AP-210 requires that the sample be collected within two hours of the alleged offense. In this case, the most accurate testimony as to the time of the accident was 9:30 p.m. However, the victims were not administered to in the emergency room of the hospital until 11:30 p.m. The blood *1062sample was drawn from appellant about 12:40 a.m. Lt. Martens testified on cross-examination that the longer one waits to run the blood alcohol test the percentage of alcohol decreases. Certainly, appellee has shown substantial com-plience and no prejudicial error is demonstrated.

Finally, appellant asserts that the trial court erred in overruling appellant’s motion for a directed verdict. In Burks v. State, 255 Ark. 23, 498 S.W. 2d 336 (1973), we reiterated our well established rule:

.... a directed verdict is proper only when no fact issue exists and on appeal we review the evidence in the light most favorable to the appellee and affirm if there is any substantial evidence.

Shortly before the accident, a witness observed appellant at a liquor store. To him, appellant acted drunk. “I told the man that I didn’t think that he was able to drive, and he told me to worry about my own business.” The liquor store is between the site of the accident and Prarie Grove. The state policeman observed the physical evidence, as previously indicated, and testified appellant was traveling toward Fayetteville. Another witness, on cross-examination, testified that appellant told him he was on his way to Springdale, which is in the Fayetteville direction. To travel toward Fayetteville, the proper lane of travel would be the right lane. The accident, a head on crash, occurred on the left side of the highway near the shoulder. In the other car were two people, who lived at Prairie Grove, and were pronounced dead on arrival at the hospital. The weight of alcohol in appellant’s blood was 0.16 percent, which is above the level considered to be a presumption that a person is intoxicated. Ark. Stat. Ann. § 75-1031.1 (a) (3) (Supp. 1973). The appellant was found within a few minutes following the accident unconscious and alone in his car which was on fire. The impact was so terrific that it left broken glass, debris and oil where it occurred. It appears from the exhibits that both cars were completely demolished. One witness testified that it took him approximately five minutes to extricate the appellant from his car.

It must be said that a jury could infer that the appellant *1063was alone and driving toward Fayetteville. In Abbott v.
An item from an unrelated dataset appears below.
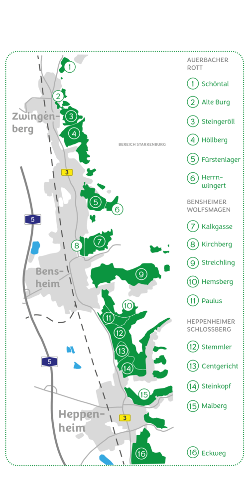 Bergsträßer Weine sind von einer frischen, herzhaften Art. In den letzten Jahren hat sich der Ausbau bei den Weißweinen zu ausgesprochen feinen, fruchtigen Weinen hin entwickelt, die vor allem bei jüngeren Weingenießern sehr beliebt sind.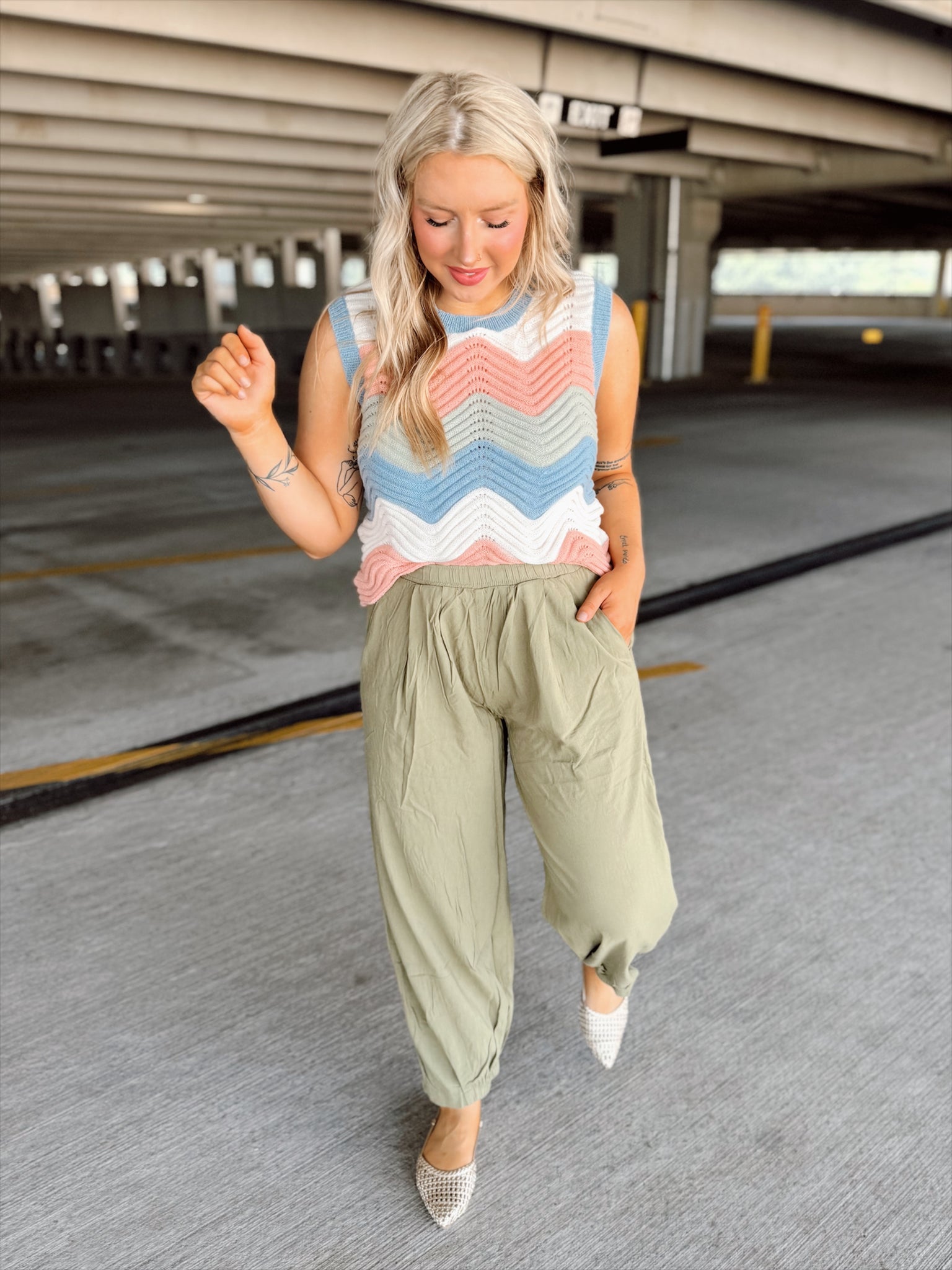 Multi color wave pointelle sweater tank. Apricot/Denim blue/Olive/Cream

State, 256 Ark. 558, 508 S.W. 2d 733 (1974). we said:

.... the question whether circumstantial evidence excludes every reasonable hypothesis other than an accused’s guilt is usually for the jury, and no greater degree of proof is required where the evidence is circumstantial. (Citing cases.) It is only when circumstantial evidence leaves the jury, in determining guilt, solely to speculation and in conjecture that we hold it insufficient as a matter of law. (Citing cases.) In testing its sufficiency, we must view it in the light most favorable to the state.

We are of the view the evidence is not insubstantial as a matter of law and that it constituted a factual issue for the jury’s determination.

Reversed and remanded for the error indicated.